Наконец он отпустил индийца и лег в постель. Голова его горела, а быстрое биение сердца мешало заснуть. Эпагатос и Адвент последовали по знаку индийца за ним, в боковую комнату, потушив лампу. Каракалла остался один в темноте. В ожидании сна он вытянулся, но ему не хотелось спать, как днем.
Он принужден был думать о случившемся. Даже его врач, думал он, не может отрицать, что это было его обязанностью, как человека и императора, подвергнуть строжайшему наказанию этот город, заставить его почувствовать его карающую руку; однако же он начинал чувствовать преступность того, что произошло. Он желал бы поговорить обо всем этом с кем-нибудь другим. Но Филострат, единственный человек, который понимал его, был далеко: он послал его к матери. И для какой цели? Чтобы сообщать ей, что он нашел себе супругу по сердцу и чтобы расположить сердце матери к его избраннице.
При этой мысли кровь закипала в нем от стыда и злости. Его избранница нарушила верность к нему еще до свадьбы. Она убежала от его объятий навсегда; он теперь знал, что ее постигла смерть.

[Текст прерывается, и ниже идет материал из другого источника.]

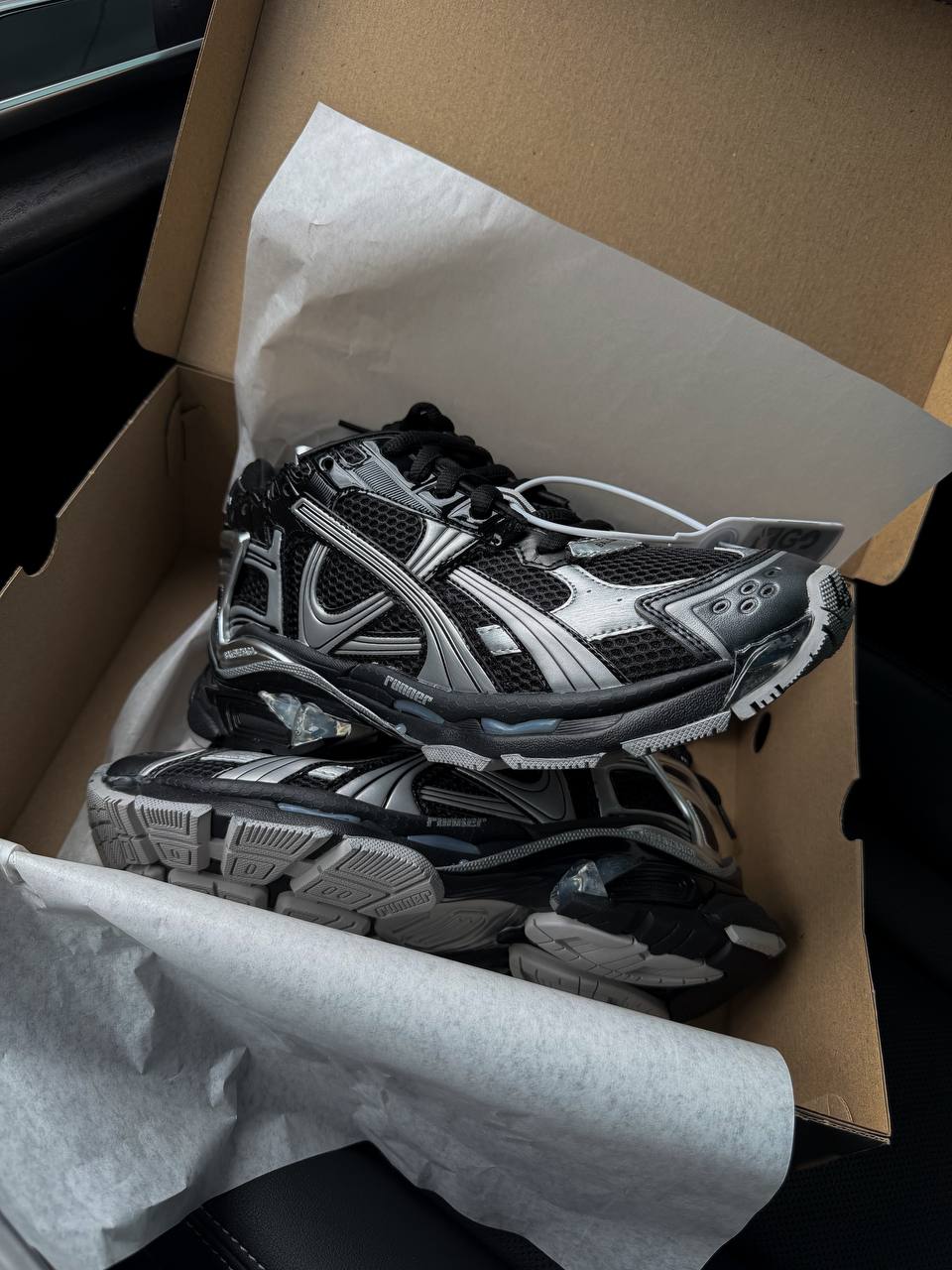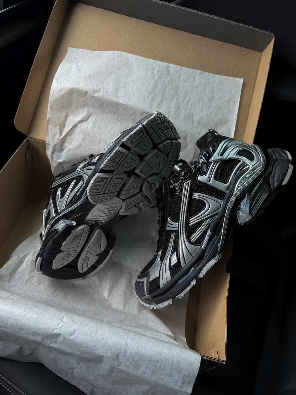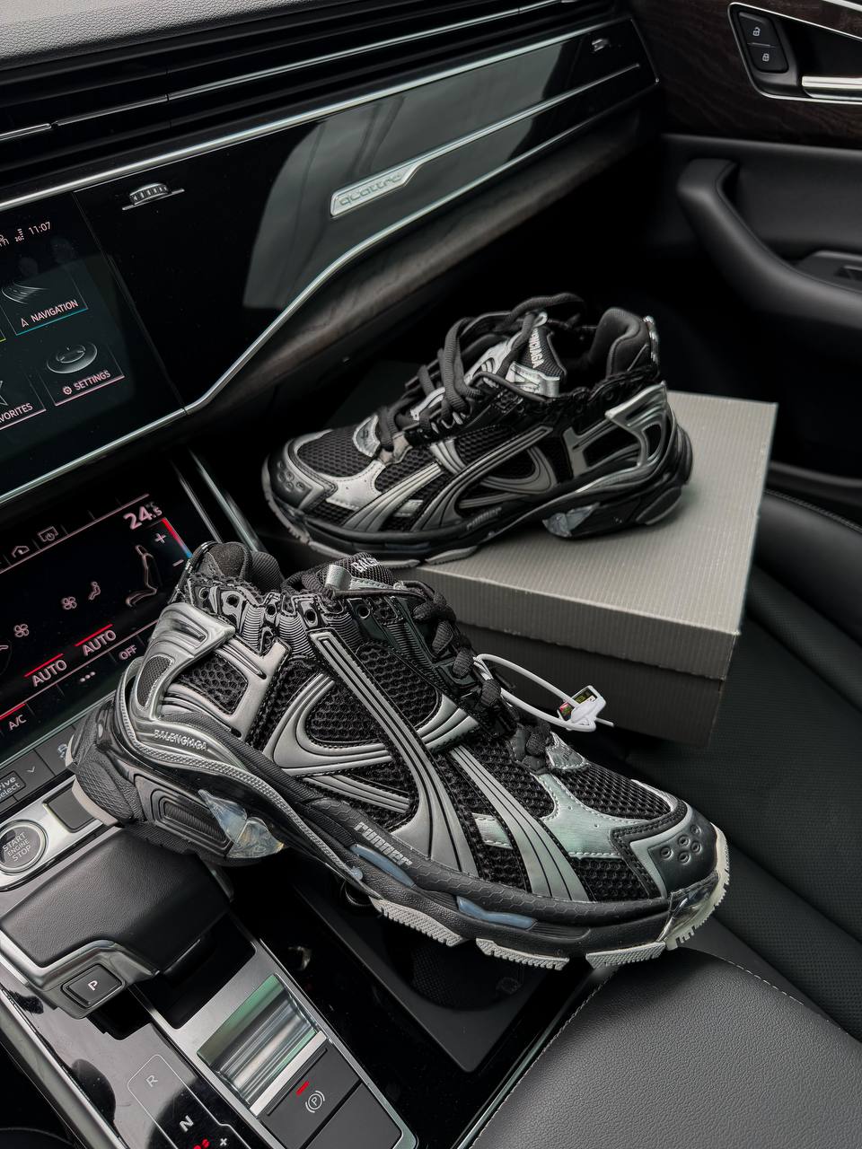 Balenciaga Runner Sneaker Black Silver — це поєднання бігового силуету, багатошарового дизайну та преміального комфорту. Контраст чорного та сріблястого відтінків створює технологічний і динамічний образ, а характерна естетика Balenciaga додає моделі виразності та high-fashion настрою.
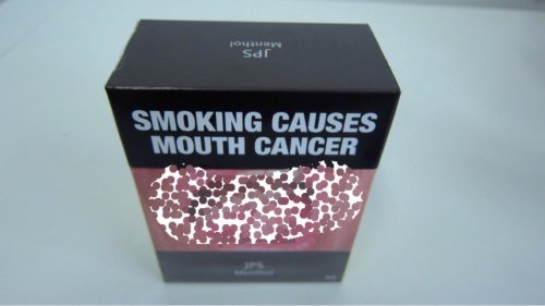 パッケージも様々あるのですが、これにはSmoke causes Mouth cancerと書いてあり、喫煙は口腔癌の原因になりますと写真説明付きで書いています。ちなみに、政府が作っているCMでは、動画で喫煙の危険性を説明していて、パッケージ同様かなり印象的なCMとなっています。
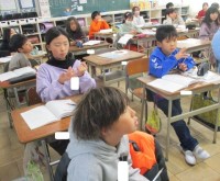 算数は、「小数のかけ算・わり算」の単元テストに取り組んでいます。筆算で行う計算問題や文章題など、両面にしっかりと出題されています。計算ミスをしないように、見直しをしながら最後まで頑張って解いていきましょう。

Он охотно послал бы какую-нибудь галеру вслед за Филостратом, чтобы вернуть его в Александрию, но корабль, на котором отплыл философ, принадлежал к числу самых быстроходных судов императорского флота, и так как он притом далеко был впереди, то его едва ли можно догнать.
Итак, философ через несколько дней должен встретиться с матерью, и он лучше, чем кто-нибудь, сумеет изобразить красоту и достоинства Мелиссы блестящими красками. В этом не было никакого сомнения.
Но гордая Юлия будет едва ли расположена принять дочь резчика в качестве своей дочери, мало того, она вообще не желала, чтобы он женился во второй раз.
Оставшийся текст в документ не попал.